**Extracted material:**
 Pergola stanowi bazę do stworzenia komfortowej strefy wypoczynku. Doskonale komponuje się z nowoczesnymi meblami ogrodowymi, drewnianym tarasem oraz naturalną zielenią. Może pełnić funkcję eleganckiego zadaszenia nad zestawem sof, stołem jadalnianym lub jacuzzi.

* * *

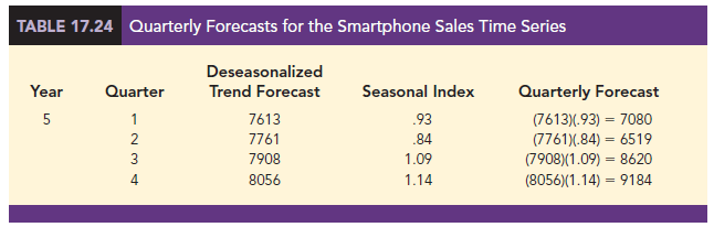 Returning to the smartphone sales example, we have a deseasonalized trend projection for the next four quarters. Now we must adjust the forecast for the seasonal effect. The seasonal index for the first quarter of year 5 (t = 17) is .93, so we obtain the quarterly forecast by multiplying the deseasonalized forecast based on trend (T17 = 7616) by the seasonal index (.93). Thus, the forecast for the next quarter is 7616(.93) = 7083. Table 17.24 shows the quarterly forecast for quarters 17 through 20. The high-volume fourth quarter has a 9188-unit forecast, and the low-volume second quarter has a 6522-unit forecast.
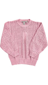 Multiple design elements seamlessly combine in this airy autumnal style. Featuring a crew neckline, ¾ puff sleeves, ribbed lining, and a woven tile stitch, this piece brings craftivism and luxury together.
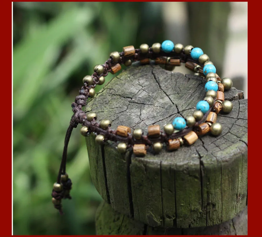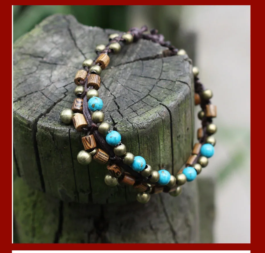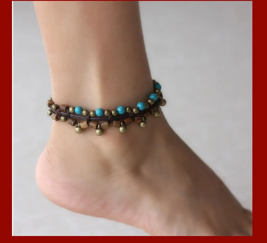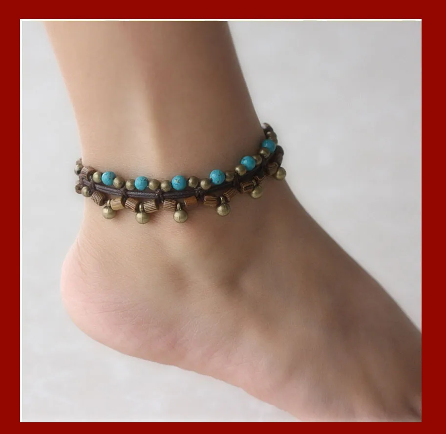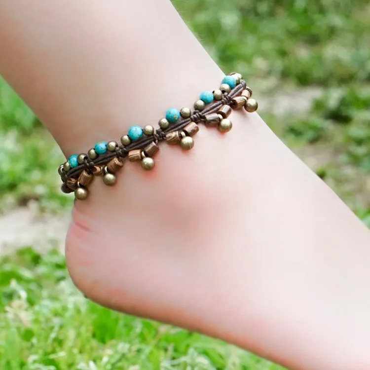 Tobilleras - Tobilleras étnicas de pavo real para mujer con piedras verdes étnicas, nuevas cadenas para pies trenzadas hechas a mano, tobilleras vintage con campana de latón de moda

**Your objective:** In the material above, one part opens with the line containing "Multiple design elements" and closes with the line containing "Tobilleras - Tobilleras". Write out that part exactly and skip its pictures.

**Written answer:**
 Multiple design elements seamlessly combine in this airy autumnal style. Featuring a crew neckline, ¾ puff sleeves, ribbed lining, and a woven tile stitch, this piece brings craftivism and luxury together.
 Tobilleras - Tobilleras étnicas de pavo real para mujer con piedras verdes étnicas, nuevas cadenas para pies trenzadas hechas a mano, tobilleras vintage con campana de latón de moda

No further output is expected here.